The other three services are mostly oriented towards Comedy and Drama. They also have a good bit of Action, Documentary, and Romance. Hulu and Prime Video also have good allocation of titles to the Horror genre, something Netflix does not.
Looking at the runtimes of titles on a service, we can get a good idea of the types of each title. Runtimes under ten minutes indicate shorts. Runtimes between ten and thirty minutes are likely sit-coms and other television comedies. Runtimes between thirty minutes and an hour are likely television dramas, runtimes between one and two hours are a movie and runtimes over two hours are long movies. Viewers may want to discriminate the services based on what types of titles are available
movies_df_cold["MovieLength"] = pd.cut(
movies_df_cold.Runtime, bins=[-1,0,10,30,60,120,movies_df_cold.Runtime.max()], labels=[-1,0,1,2,3,4]
)
movies_df_cold.MovieLength.fillna(-1, inplace=True)
movies_df_cold.MovieLength.unique()
length_df = movies_df_cold.groupby(["Service", "MovieLength"])["Title"].count().reset_index(name="Count")
stacked_len_df = length_df.pivot(index="Service", columns="MovieLength", values="Count")
stacked_len_df = stacked_len_df.div(stacked_len_df.sum(axis=1), axis=0) #Normalize it
stacked_len_df
fig = plt.figure(figsize=(12,12))
ax = fig.add_subplot(1,1,1)
stacked_len_df.plot(
kind="barh",
#stacked=True,
ax=ax,
color=my_colors,
width=.8
)
rects = ax.patches
for rect in rects:
width = rect.get_width()
width_label = "{:.2f}%".format(width*100)
ax.text(width+.05, rect.get_height()/2 + rect.get_y(), width_label, ha="center", va="center", fontsize=14)
handles, labels = ax.get_legend_handles_labels()
my_labels = ["Unknown Length", "Shorts (Under 10 Min)", "Sitcoms (10-30 Min)",
"Dramas (30 Min-1 Hour)", "Movies (Under 2 Hours)", "Long Movies (Over 2 Hours)"]
legend = plt.legend(
handles, my_labels, bbox_to_anchor=(.95,-.06),
fontsize=12, ncol=3, title="Runtime Category", fancybox=True
)
legend.get_title().set_fontsize(14)
plt.title("Normalized Runtime Category by Service", fontsize=18, fontweight="bold", pad=15)

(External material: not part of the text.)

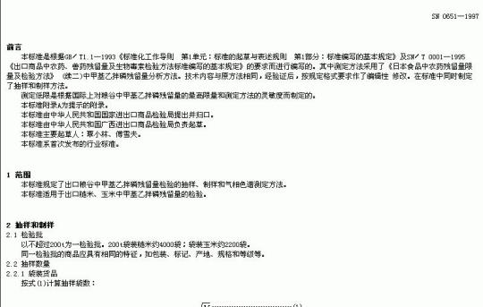 SN 0651规定了出口粮谷中甲基乙拌磷残留量检验的抽样、制样和气相色谱测定方法。

ax.set_ylabel("Service", fontsize=18)
ax.set_xlabel("Percent", fontsize=18)
plt.xticks(fontsize=14)
plt.yticks(fontsize=14)
plt.xlim(0, 1)
plt.grid(True, axis="x")
plt.tight_layout()
plt.show()
The runtime categories have been normalized for each service to a percentage out of 100. The overwhelming majority of titles on each service are movies with runtimes under two hours.
All four of the services have similar distributions in terms of runtime categories. Hulu is a surprise here because it was built to stream television shows and yet a smaller proportion of sitcoms and drama tv shows than any of the other services.

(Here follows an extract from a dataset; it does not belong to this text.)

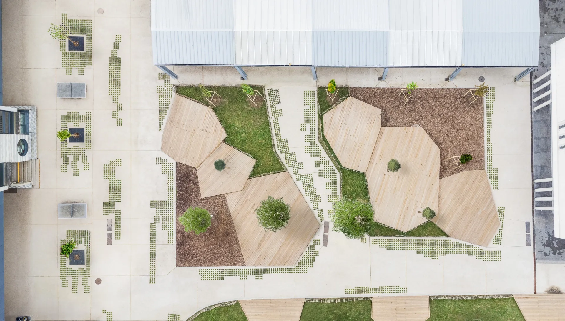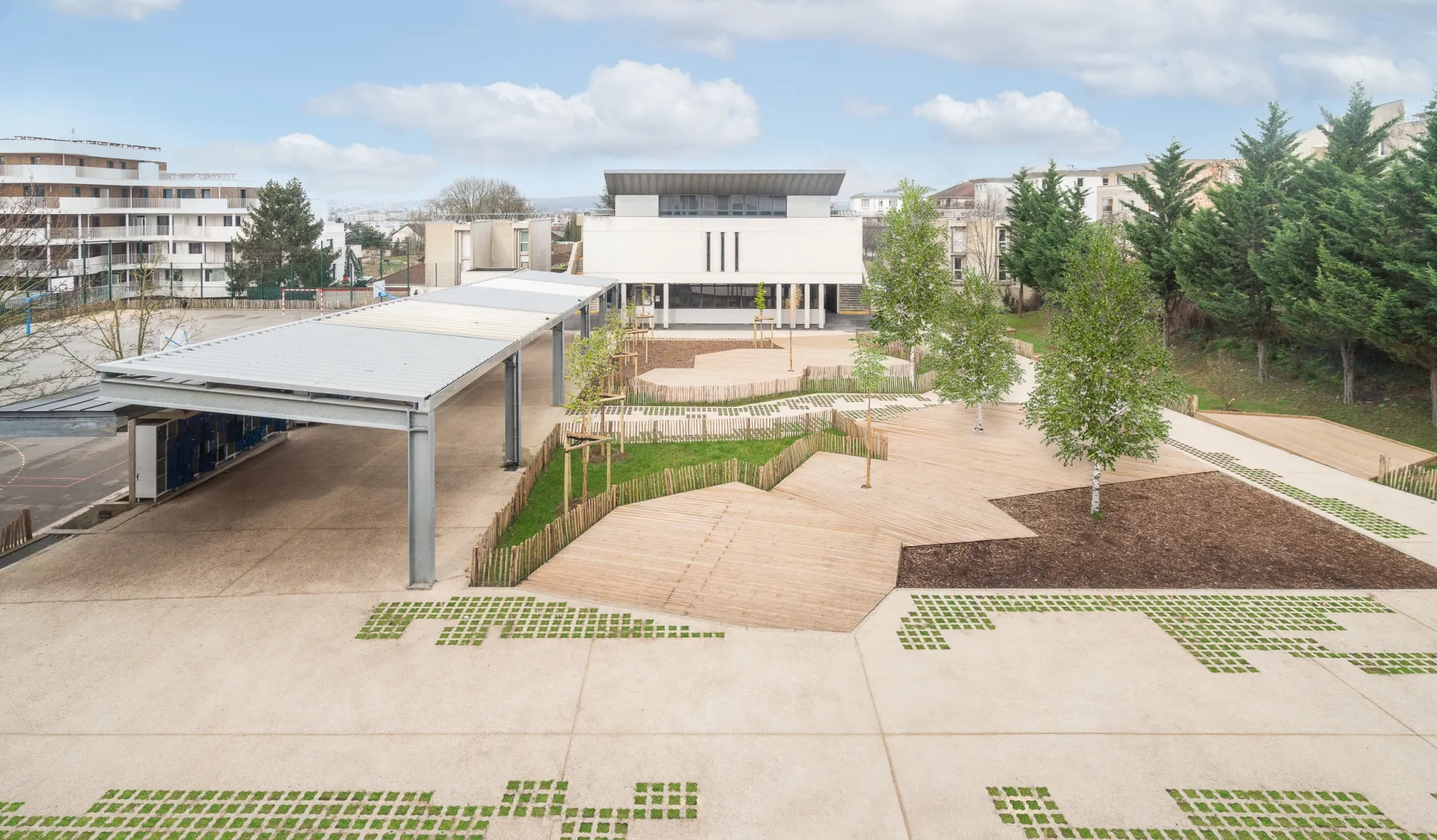 Ce projet est un exemple frappant de désimperméabilisation des surfaces, de végétalisation et d’utilisation du béton clair, ce qui améliore la pérennité des infrastructures. « Nous avons intégré des solutions de gestion des eaux pluviales et choisi des matériaux durables pour minimiser l’impact environnemental », précise Mathieu Morel. Ces choix permettent de réduire les ICU et d’améliorer le confort des usagers.

Disney+ is also a bit of an outlier here with its comparatively large percentage of shorts. This is probably its collection of old cartoons that other services don’t have access to.
Netflix, Hulu, and Prime Video are built similarly in the collection of titles that they have amassed. They cater to the same age ranges, have mostly recent titles, have similar distributions of genres, and have similar runtimes of titles. Their biggest differences are in quantity and quality of titles.

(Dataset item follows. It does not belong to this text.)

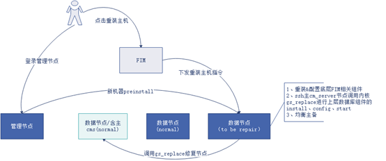 节点替换&实例修复几个关键步骤有新节点preinstall,重装&配置底层FIM相关组件,故障节点install,config,start。

Disney+ is pretty unique in what it offers. It leans into its family friendly history by focusing on family and all ages content. Disney+ also can take advantage of the history by delving into their large back catalog of offerings. This is something no other service can offer.
Disney+ has also focused on quality over quantity. It has the fewest titles but the highest average IMDb rating. Prime Video has taken the opposite tack and has a lot of titles but their quality is lacking compared to the other services.